[bechmark] Add benchmark for all operations

Question

[bechmark] Add benchmark for all operations

ternaus opened this issue 4 months ago · comments

Vladimir Iglovikov commented 4 months ago

It would be great to have a benchmark in Readme and / or documentation for kornia-rs vs OpenCV for all similar operations.

In https://dev.to/viglovikov/jpeg2rgb-array-showdown-libjpeg-turbo-vs-kornia-rs-vs-tensorflow-vs-torchvision-2mnh

it was unexpected to see OpenCV being twice slower. Similar numerical comparisons for other operations would be ultra useful in decisions about kornia-rs integrations to other packages.

Edgar Riba · Answer 1 · Sun Mar 17 2024 01:18:09 GMT+0800 (China Standard Time)

@ternaus thanks for raising interest. I wrote an initial benchmark here but for the resize function only and not well designed nor using the proper tools: https://github.com/kornia/kornia-rs/blob/main/py-kornia/benchmark/resize_benchmark.py

i will create something more stable starting by the minimum functionality we expose in the python api. Besides, would be great if you can help to identify what functions you are interested in that we can port/measure from opencv.

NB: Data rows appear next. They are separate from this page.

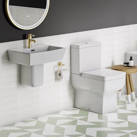 The super stylish Cubo wall hung square 1 tap hole basin with semi pedestal, it’s contemporary elegant lines and compact size make it ideal for smaller bathrooms and en-suites; made from high grade ceramic with a smooth cool white finish. The 520mm wide basin only projects from the wall by 415mm. Comes supplied with a semi pedestal which helps give your bathroom an open look.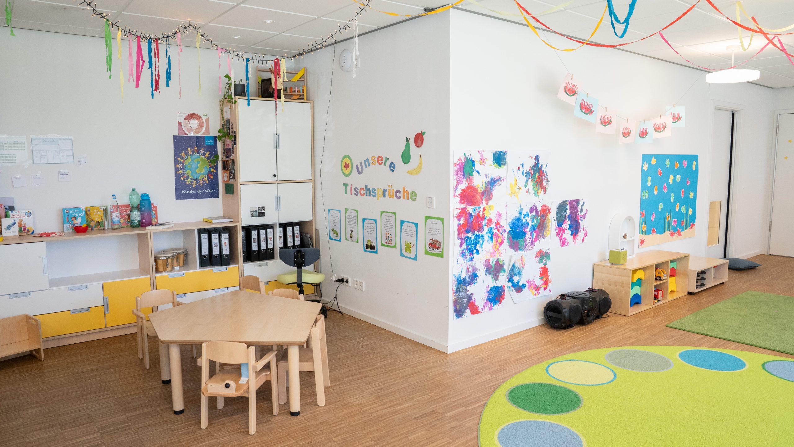 Die Kinder sollen möglichst schnell nach Betreten der Gruppe einen Überblick über das Geschehen im Raum erhalten können, daher verzichten wir auf große Abtrennung der einzelnen Spielbereiche.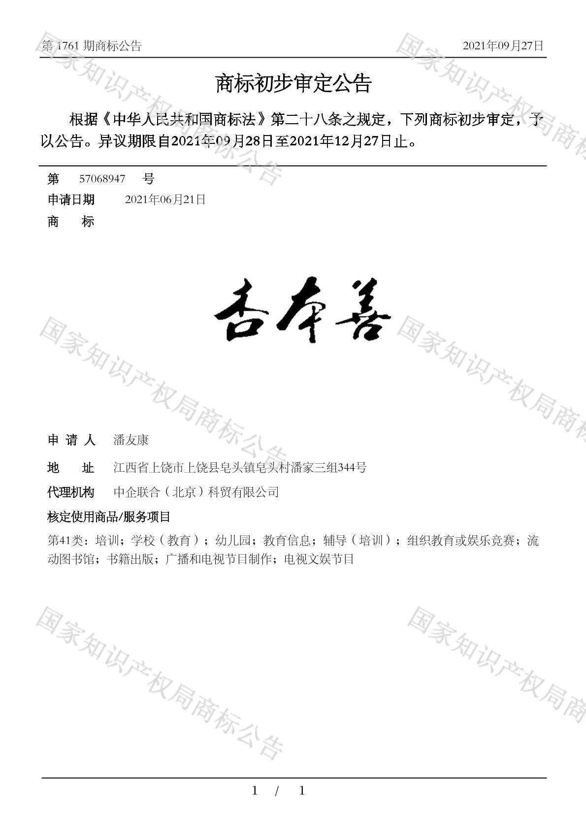 4101-培训;4101-学校(教育);4101-幼儿园;4101-教育信息;4101-辅导(培训);4102-组织教育或娱乐竞赛;4103-流动图书馆;4104-书籍出版;4105-广播和电视节目制作;4105-电视文娱节 目 - 1761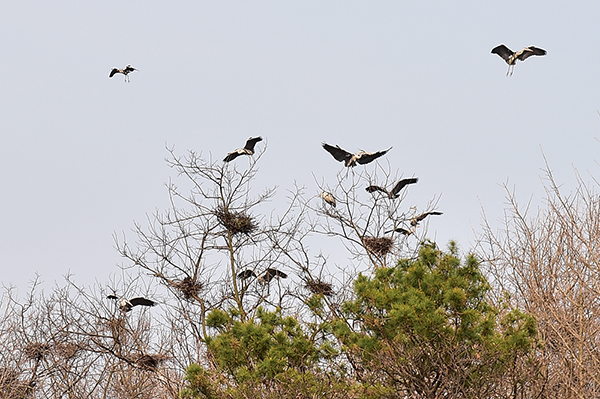 생명 탄생의 힘찬 기운이 솟아나는 봄날에 경기도 여주시 북내면 신접리에서는 천연기념물 제209호로 지정된 백로과 왜가리 100여 마리가 번식을 위한 힘찬 몸부림을 하고 있다.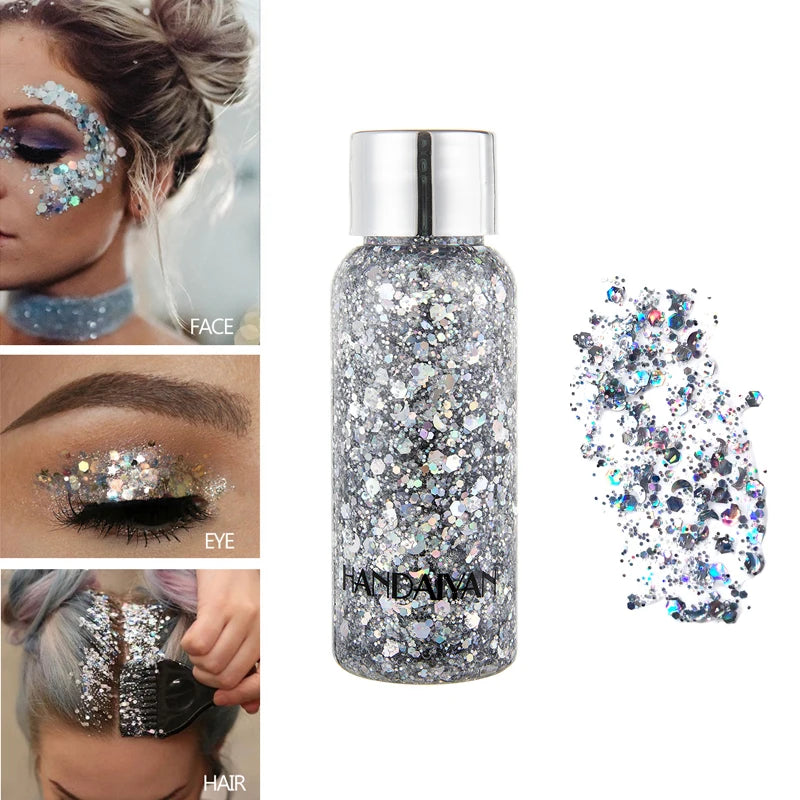HANDAIYAN Teras グリッターボディジェルクリーム体毛顔アイグリッターフラッシュハートパレットスパンコール顔料クリームフェスティバル装飾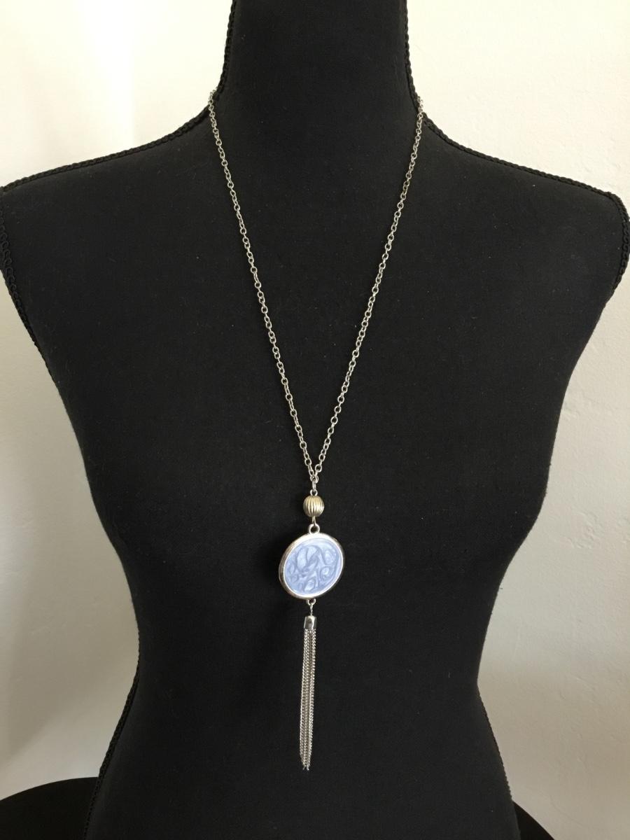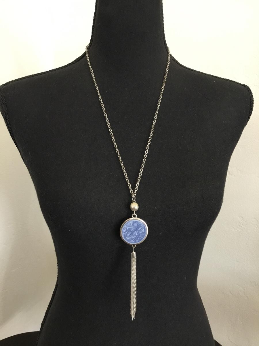 Silver-tone enamel tassel necklace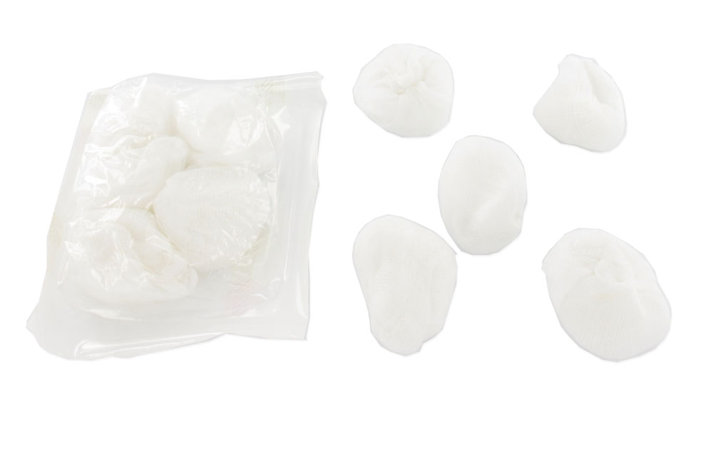 Tamponi chirurgici rotondi realizzati con unico telino di garza, con bordi tagliati privi di sfilacciature, opportunamente ripiegato all'interno, e chiusi internamente con anello elastico privo di lattice (latex free) sterilizzabile (non cede sostanze estranee né si deforma se sottoposto ai normali metodi di sterilizzazione), a garanzia della massima sicurezza durante l'impiego.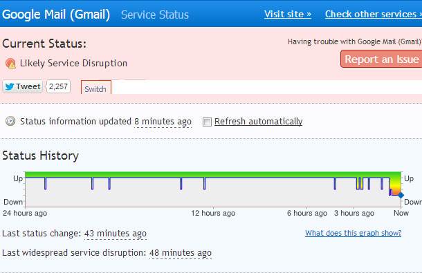 Baveći se merenjem dostupnosti sajtova i servisa, downrightnow.com je oko 18 sati prijavio da GMail ima problem sa radom. Njegov indeks je bio mnogo bliži opciji da ne radi, nego da radi (pogledajte sliku).

Vladimir Iglovikov · Answer 2 · Tue Mar 19 2024 05:08:46 GMT+0800 (China Standard Time)

Thanks!

Currently, in Albumentations we use:

cv2.inpaint
cv2.GaussianBlur
cv2.line
cv2.cvtColor
cv2.imread
cv2.resize
cv2.addWeighted
cv2.LUT
cv2.meanStdDev
cv2.circle
cv2.blur
cv2.imdecode
cv2.createCLAHE
cv2.transform
cv2.calcHist
cv2.equalizeHist
cv2.merge
cv2.multiply
cv2.subtract
cv2.flip
cv2.perspectiveTransform
cv2.warpAffine
cv2.getRotationMatrix2D
cv2.getAffineTransform
cv2.distanceTransform
cv2.threshold
cv2.Canny

These grep shows me about OpenCV, and many other that are done on the numpy level, but, I guess, could, in theory, be done faster with kornia-rs

Edgar Riba · Answer 3 · Tue Mar 19 2024 14:56:39 GMT+0800 (China Standard Time)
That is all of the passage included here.